Transgene mirrors the endogenous expression of the target gene. (A-F) Lateral view of 2dpf sox2-2a-sfGFP^stl84;gfap-2a-tdTomato^stl85 double homozygous knock-in embryos. All images were taken with the same exposure time. (A-C) sfGFP expression. (D-F) tdTomato expression. (A,D) Control embryo injected with 100pg of cas9 RNA. (B,E) The embryo co-injected with 100pg of cas9 RNA and 10pg of gRNA targeting sox2. (C,F) The embryo co-injected with 100pg of cas9 RNA and 10pg of gRNA targeting gfap. Scale bar: 200µm. (G,H) Detection of target-specific mutations by T7EI assays. Control, embryo injected with 100 pg of cas9 RNA; 1-5, individual embryos co-injected with 100pg of cas9 RNA and 10pg of gRNA targeting sox2 (G) or gfap (H). (G) The PCR products contain guide RNA target site of sox2. (H) The PCR products contain guide RNA target site of gfap.

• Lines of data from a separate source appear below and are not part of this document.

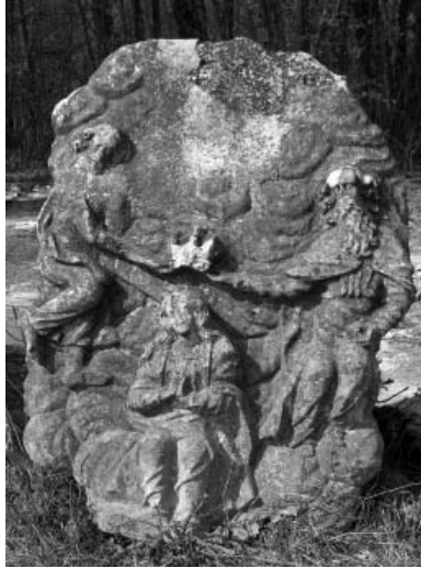
Peto otajstvo slavne krunice »Koji je tebe Djevice na nebu okrunio«, kraj izvornoga položaja pred ulazom u cinkтуру kapele sv. Vuka/Wolfganga

nje temelja nekog starijeg sakralnog objekta, ali su isto tako mogući i ostaci iz antičkog perioda, pa čak i iz pretpovijesti. 9
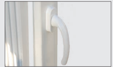
RAL geprüfter Fenstergriff

Sie befinden sich an allen wichtigen Positionen rund um das Fenster. Der Anpressdruck ist regulierbar und kann optimiert werden. Das Fenster schließt dadurch sehr komfortabel. Lärm, Kälte und Schlagregen bleiben draußen.
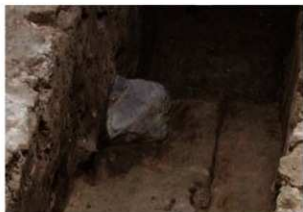
平安時代前期の築地欄柵柱礎石
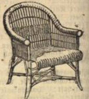
Peddigrohrsessel „Eppstein“ 16.75
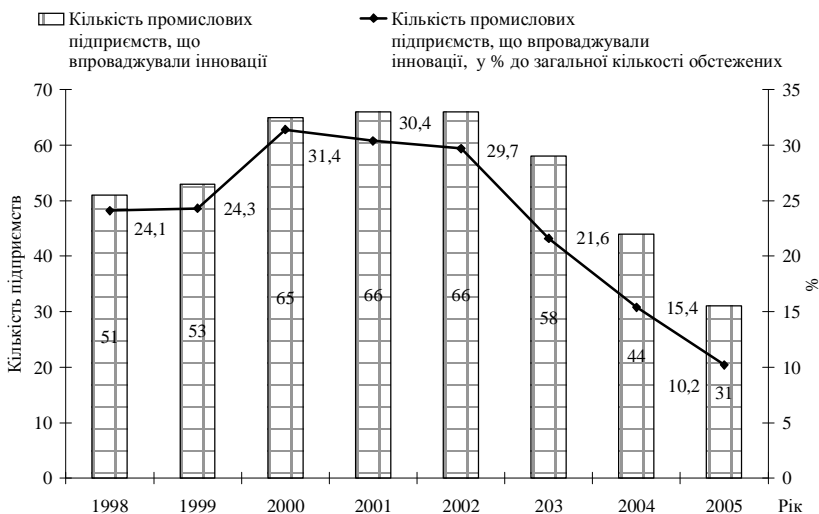
Рис.1. Кількість інноваційно активних підприємств Миколаївської області

цілому по Україні (8,2% інноваційно активних підприємств). Зважаючи на високу конкурентність суб'єктів господарювання іноземних держав, Україна в недалекому майбутньому ризикує втратити виробничу незалежність та перетворитися на сировинний придаток до більш розвинених країн.
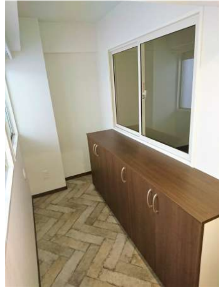
【玄関】広い土間風玄関は大型収納も可能
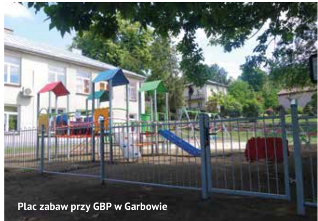
Plac zabaw przy GBP w Garbowie

Został rozstrzygnięty przetarg na budowę sieci i przyłączy kanalizacji sanitarnej ul. Malinowa i ul. Tatarakowa. Najkorzystniejsze oferty złożyła firma Prohouse z Jaroszewic w kwocie 448.950 – ul. Malinowa, 264.455 – ul. Tatarakowa. Najdroższe oferty wynosiły odpowiednio 1.141.120 oraz 697.492.
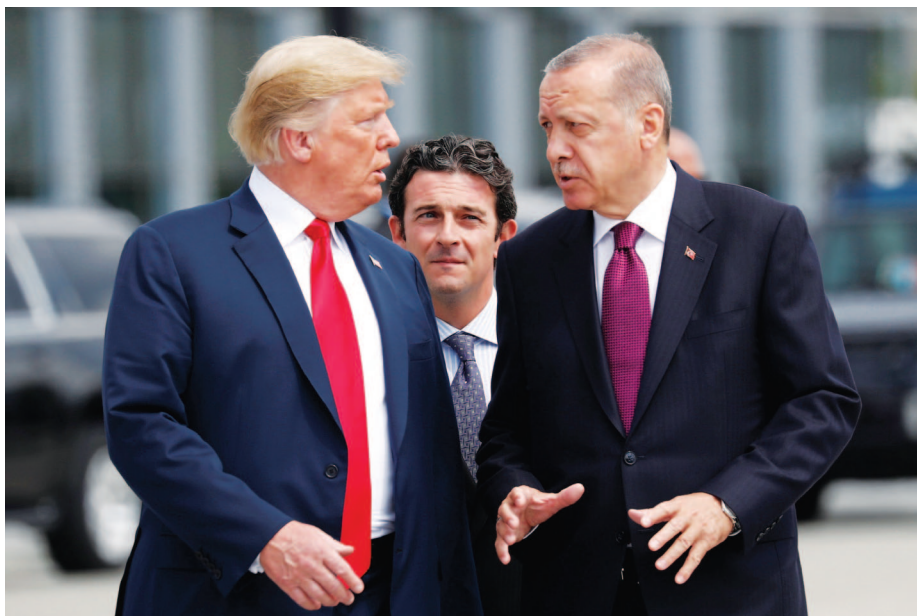
Η απόκτηση των ρωσικών συστημάτων S-400 από την Τουρκία, το 2020, υπήρξε κομβικό σημείο για την αλλαγή των γεωστρατηγικών δεδομένων και η αμερικανική διοίκηση, υπό τον Ντόναλντ Τραμπ, προχώρησε σε αντίποινα, αναστέλλοντας την προμήθεια των F-35 και επιβάλλοντας κυρώσεις μέσω του Countering America's Adversaries Through Sanctions (Νόμος για την Αντιμετώπιση των Αντιπάλων της Αμερικής Μέσω Κυρώσεων).

Μετά τον ψυχρό πόλεμο η Τουρκία θεωρείται ως «κράτος-κλειδί» για την Ευρασία μαζί με την Ουκρανία, το Αζερμπαϊτζάν και το Ιράν 64 , ενώ οι ΗΠΑ, η Γαλλία, η Γερμανία, η Ρωσία και η Κίνα είναι οι κύριοι γεωστρατηγικοί δρώντες της. Η Τουρκία, χώρα ζωτικής σημασίας για την εξυπηρέτηση των αμερικανικών συμφερόντων, λόγω της γεωπολιτικής της θέσης, και της συμμετοχής της στο NATO - όντας δεύτερη σε μέ-

Analysis of sfGFP-positive cells of sox2-2a-sfGFP line. Confocal microscope images. All images are transverse sections of 7 dpf sox2-2a-sfGFP larvae. (A-H) Arrowheads indicate HuC/D-positive, sfGFP-positive neurons. Arrows indicate Sox10-positive, sfGFP-positive OPCs. (A-D) Most sfGFP-positive cells are located in periventricular zones of the telencephalon and diencephalon. (E-H) Most sfGFP-positive cells are located in ventricular zones of the hindbrain. (I-K) Asterisks mark HuC/D-positive, sfGFP-positive cells that are putative amacrine cells. Arrows indicate HuC/D-negative, sfGFP-positive cells that are resembled as Müller glia morphologically.